- Birth name: Julien Ranouil
- Also known as: Karlux, Glitch Project
- Born: 26 January 1981 (age 44) Bergerac, Aquitaine, France
- Origin: France
- Genres: Eurodance, house, electro house, trance
- Occupation(s): DJ, record producer
- Years active: 2004–present
- Labels: Electro V, Pan Music, Universal Music
- Website: www.pakito.rocks

= Pakito =

French musician

Julien Ranouil (/fr/; born 26 January 1981), known by his stage name Pakito (/pæˈkɪtoʊ/), is a French electronic dance DJ and record producer. His cover of Trans-X's "Living on Video" reached number one on France's singles chart. Later hits are "Moving on Stereo" and "Are U Ready". So far his music style can be best determined as Eurodance. His name is taken from 'Paquito el Chocolatero', a famous pasodoble dance from Alicante, in the Comunidad Valenciana region of Spain.

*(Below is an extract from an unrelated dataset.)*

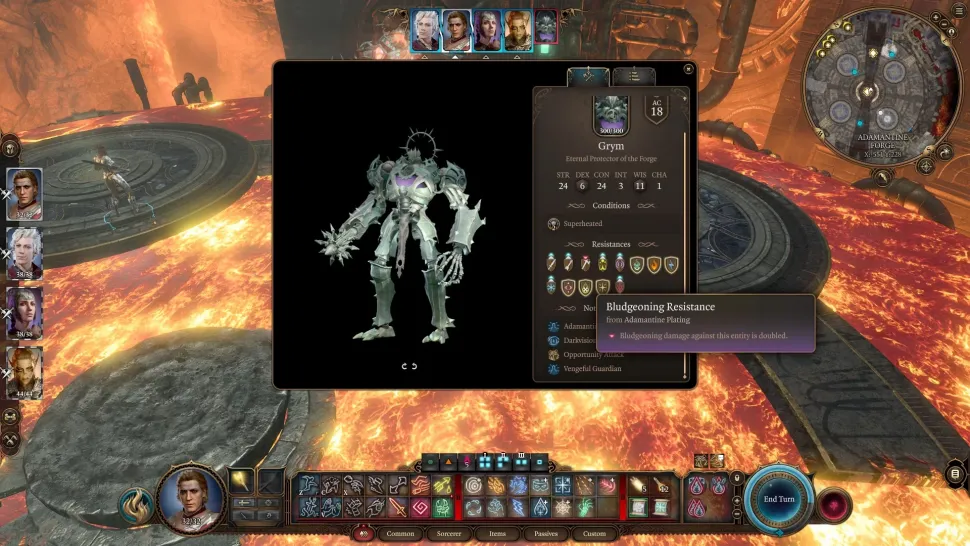 Например, существо, изображенное на рисунке выше, Грим, имеет особую реакцию на каждый тип урона в игре. Он невосприимчив к огню, молнии, некротическому, психическому, ядовитому и лучевому урону, сопротивляется колющему, пронзающему, кислотному, грозовому, холодному и силовому урону, а также уязвим к рубящему повреждению.
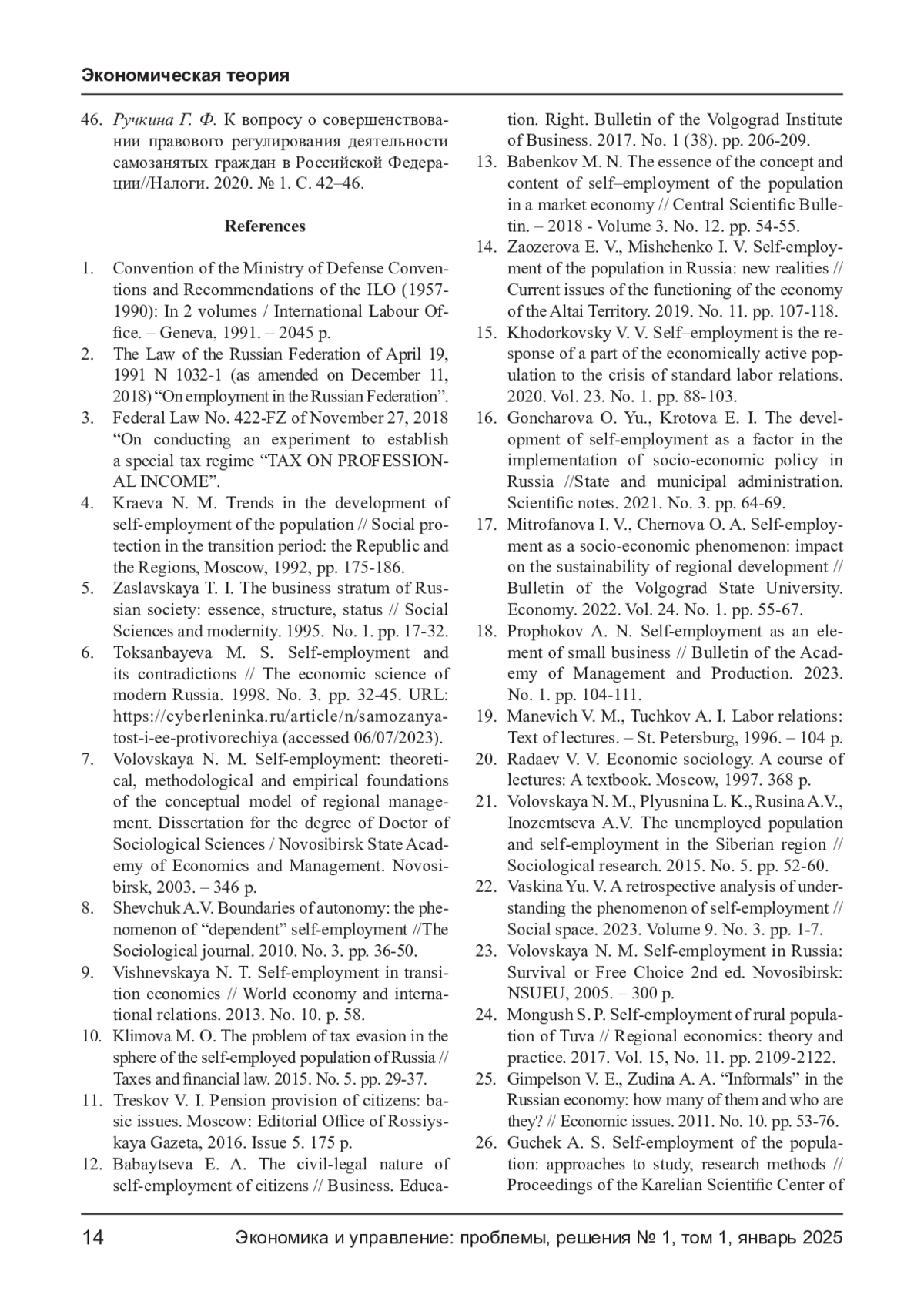 ВОЛОВСКАЯ Н. М. ТРАКТОВКИ САМОЗАНЯТОСТИ В ТРУДАХ ОТЕЧЕСТВЕННЫХ УЧЕНЫХ И ЕЕ ЗАКОНОДАТЕЛЬНОЕ РЕГУЛИРОВАНИЕ // ЭКОНОМИКА И УПРАВЛЕНИЕ: ПРОБЛЕМЫ, РЕШЕНИЯ. 2025. ТОМ 1 № 1

His album Video was released on 8 November 2006 in the United States.

==Discography==

===Albums===
- 2006: Video

===Singles===

Year: Song; France Dance Chart; Spain Dance Chart; NL Top 40; Belgium Ultratop 50; SWE Dance Chart; FIN Dance Chart; SVK Dance Chart; Album
2006: "Living on Video"; 1; 1; 7; 12; 14; 9; 6; Video
"Moving on Stereo": 5; 6; 9; —; —; 3; 2
2007: "Are U Ready?"; 2; —; 14; 41; —; 7; —
2008: "You Wanna Rock"; —; —; —; —; —; —; —
"Electro Music": —; —; —; —; —; —; 2
2009: "Harmony"; —; —; —; —; —; —; —
"Living on Video 2.9": —; —; —; —; —; —; —
2017: "Accordion"; —; —; —; —; —; —; —

===Bootlegs===
- 2006: "Moving to the Beat" (Pakito vs. Black & White Brothers)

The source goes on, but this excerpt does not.